■ PROBLEM DESCRIPTION
Repeat exactly the lines of the material below that run from the "Dvoje posuvná skleněná" line to the "2022年12月12日,行人冒着沙尘在呼和浩特街头出行。" line, including both, and do not carry over any pictures.

■ EXERCISE MATERIALS

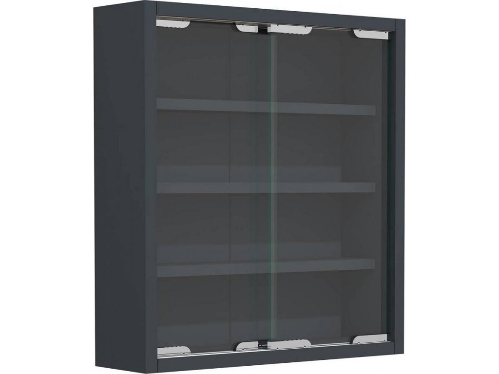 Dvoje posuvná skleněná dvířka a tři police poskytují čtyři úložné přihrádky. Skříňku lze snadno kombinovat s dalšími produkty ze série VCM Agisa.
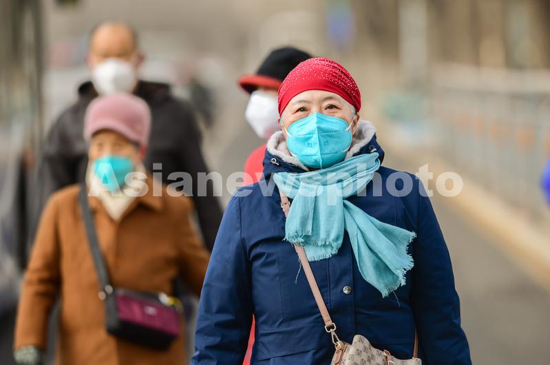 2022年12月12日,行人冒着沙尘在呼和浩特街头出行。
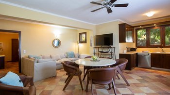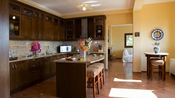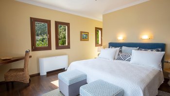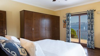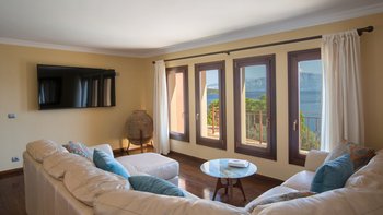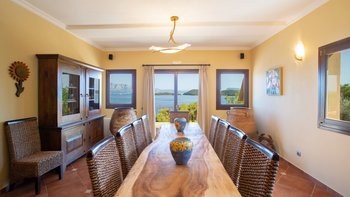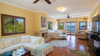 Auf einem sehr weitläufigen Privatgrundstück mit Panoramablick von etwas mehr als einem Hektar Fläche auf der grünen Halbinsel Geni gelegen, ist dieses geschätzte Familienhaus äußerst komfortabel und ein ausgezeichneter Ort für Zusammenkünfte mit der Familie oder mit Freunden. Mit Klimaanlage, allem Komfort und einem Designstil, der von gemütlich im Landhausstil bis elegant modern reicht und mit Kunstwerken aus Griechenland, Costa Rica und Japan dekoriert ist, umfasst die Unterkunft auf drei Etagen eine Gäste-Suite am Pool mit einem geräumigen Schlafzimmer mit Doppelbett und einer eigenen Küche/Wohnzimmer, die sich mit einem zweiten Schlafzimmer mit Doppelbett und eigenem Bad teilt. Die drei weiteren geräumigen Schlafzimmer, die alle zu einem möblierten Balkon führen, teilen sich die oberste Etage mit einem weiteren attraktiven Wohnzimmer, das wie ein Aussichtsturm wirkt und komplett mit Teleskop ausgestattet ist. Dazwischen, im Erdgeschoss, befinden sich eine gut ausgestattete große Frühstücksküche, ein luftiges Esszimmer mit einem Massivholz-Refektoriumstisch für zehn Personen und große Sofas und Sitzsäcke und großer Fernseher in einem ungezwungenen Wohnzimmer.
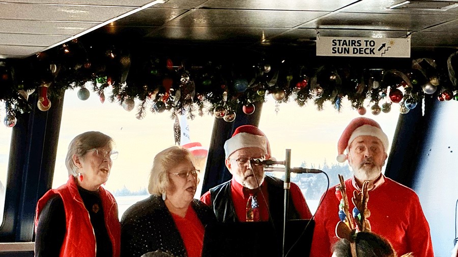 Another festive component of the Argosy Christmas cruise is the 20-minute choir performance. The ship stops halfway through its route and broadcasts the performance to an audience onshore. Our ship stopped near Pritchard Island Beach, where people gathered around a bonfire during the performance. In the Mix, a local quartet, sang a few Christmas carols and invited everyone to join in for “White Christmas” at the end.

--

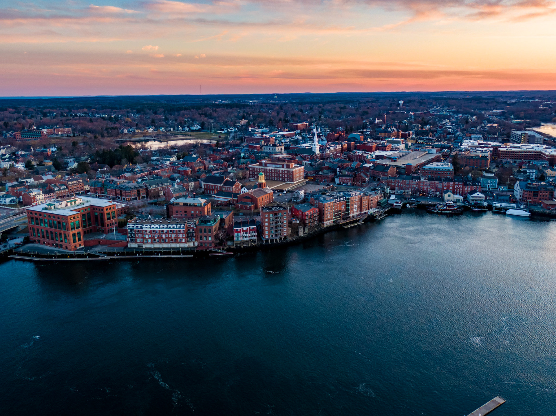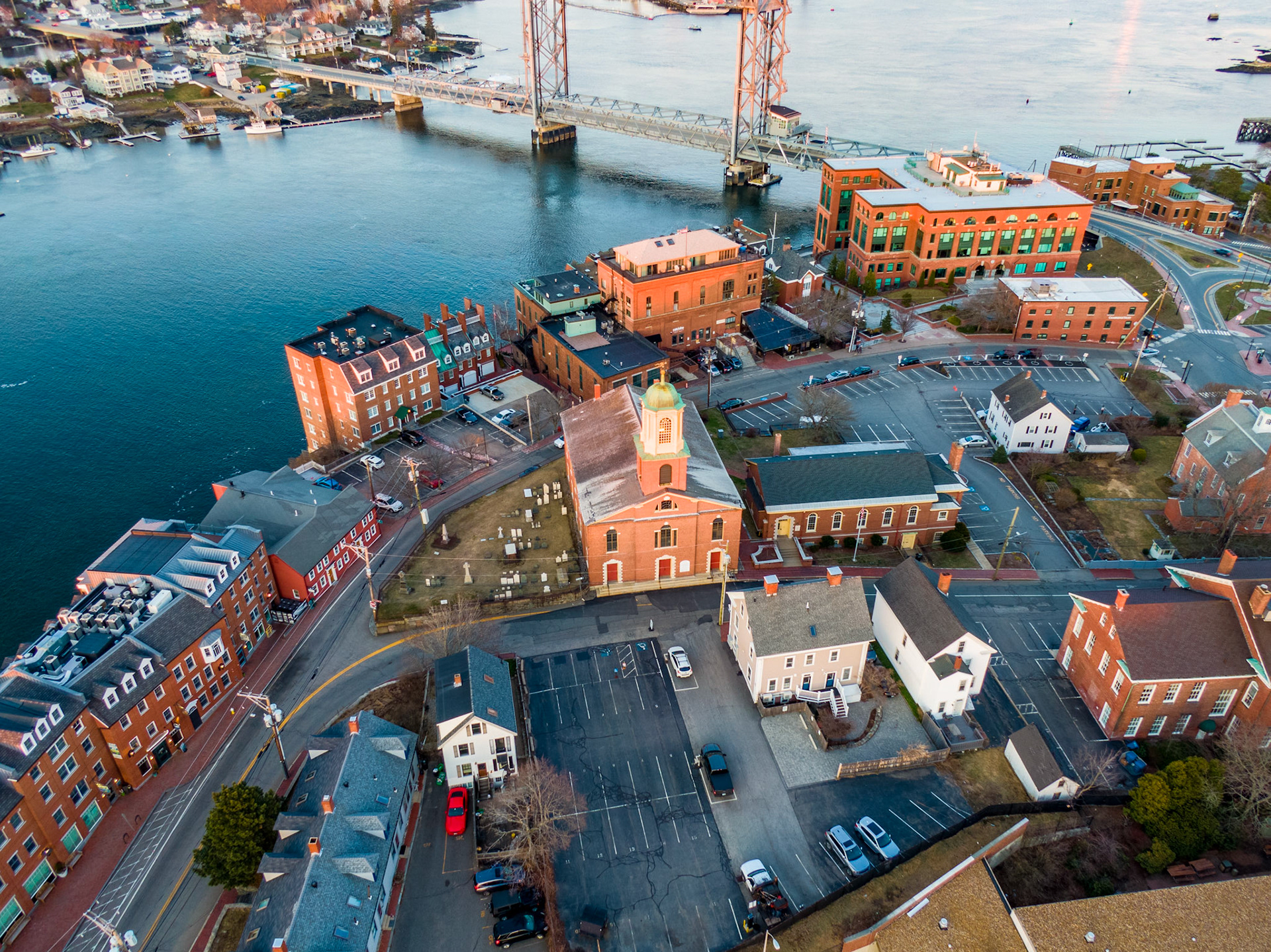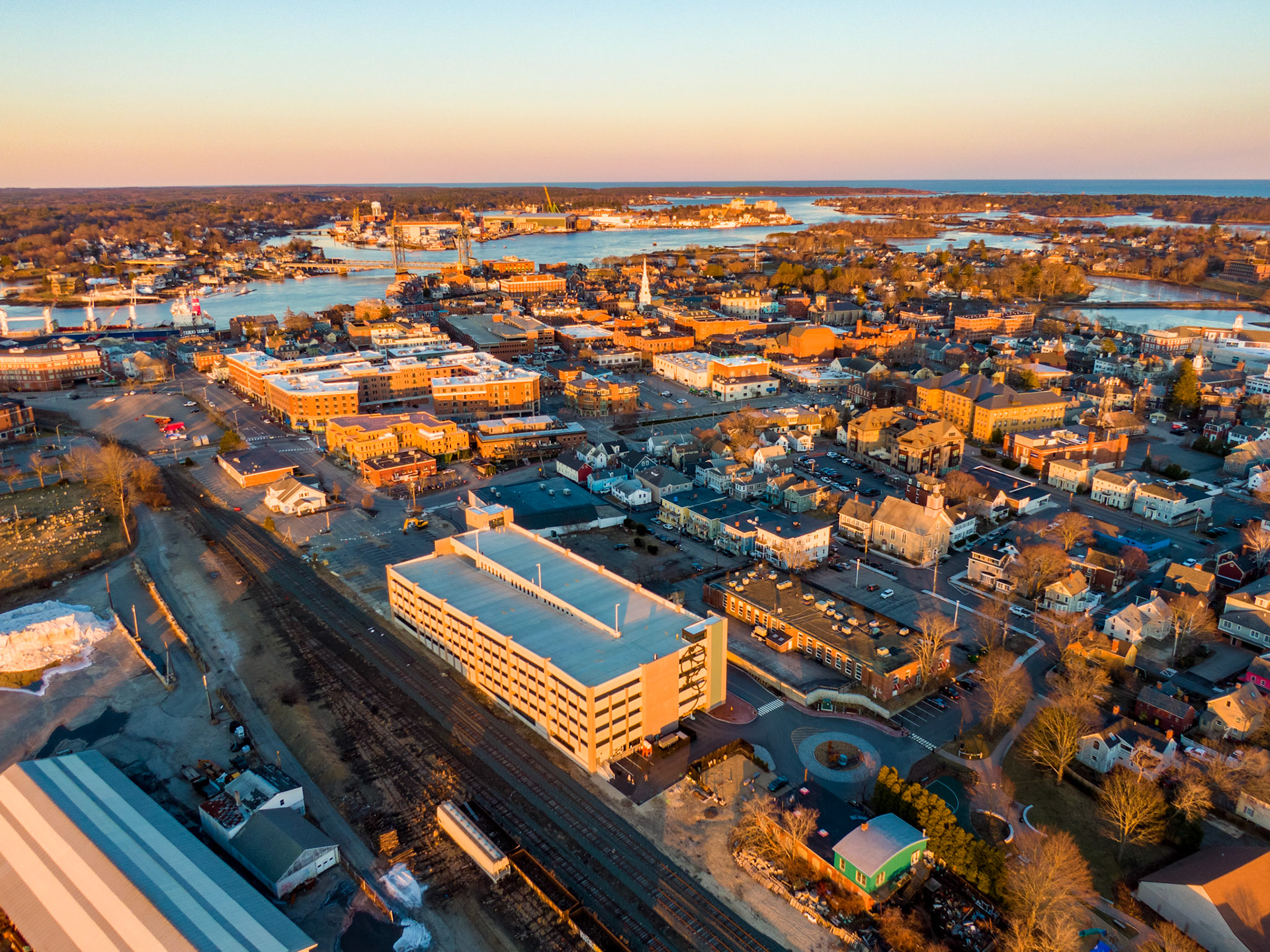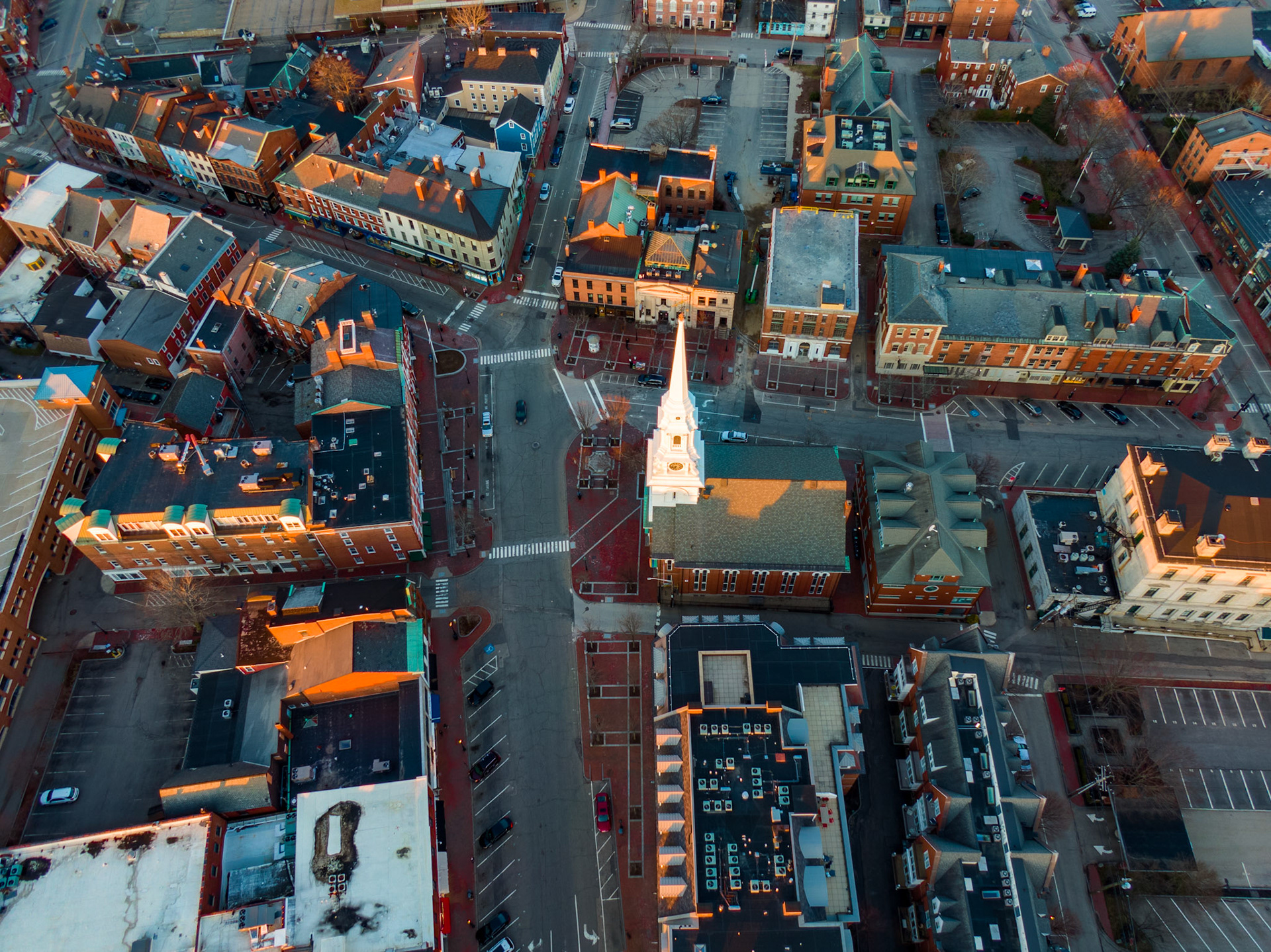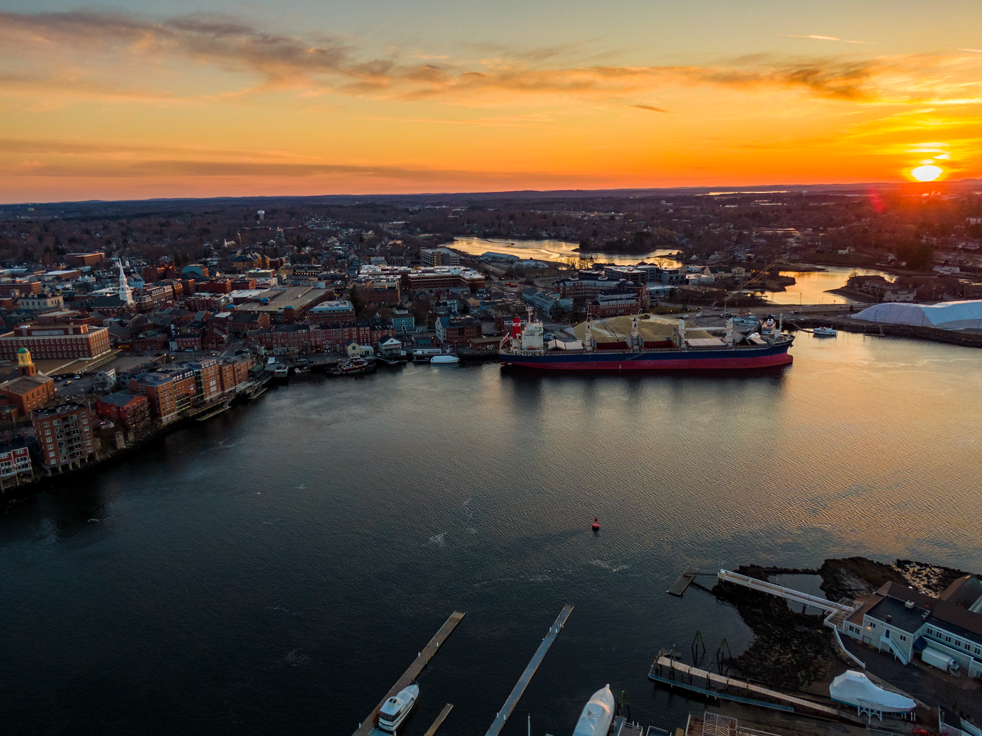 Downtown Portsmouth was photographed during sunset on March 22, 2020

* * *

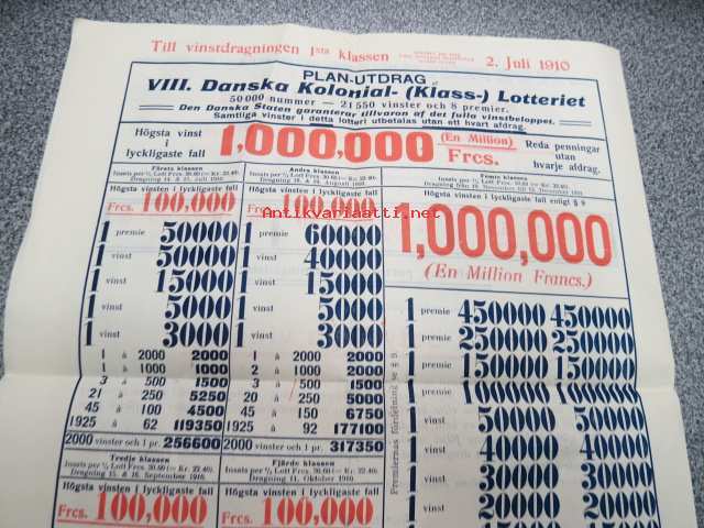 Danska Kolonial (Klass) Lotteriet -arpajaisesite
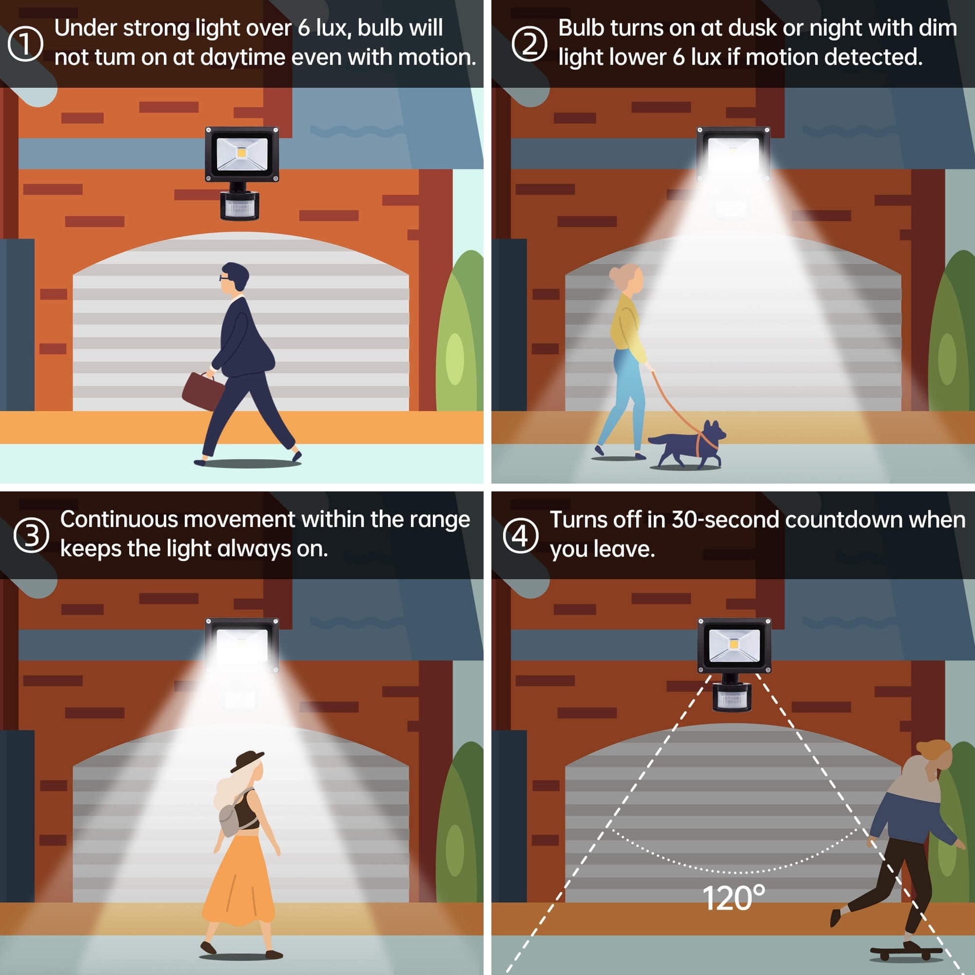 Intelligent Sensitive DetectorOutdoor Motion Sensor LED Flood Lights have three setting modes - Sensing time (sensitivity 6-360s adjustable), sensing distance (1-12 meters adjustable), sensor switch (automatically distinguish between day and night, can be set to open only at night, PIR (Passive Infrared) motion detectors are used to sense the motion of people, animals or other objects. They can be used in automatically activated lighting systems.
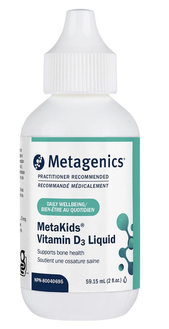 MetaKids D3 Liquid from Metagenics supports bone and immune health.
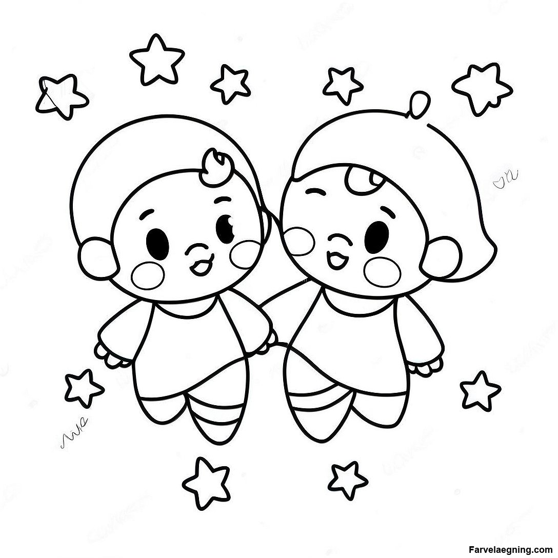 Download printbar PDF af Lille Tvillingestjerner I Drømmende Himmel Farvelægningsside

■ RESULT FOR THIS TASK
 Dvoje posuvná skleněná dvířka a tři police poskytují čtyři úložné přihrádky. Skříňku lze snadno kombinovat s dalšími produkty ze série VCM Agisa.
 2022年12月12日,行人冒着沙尘在呼和浩特街头出行。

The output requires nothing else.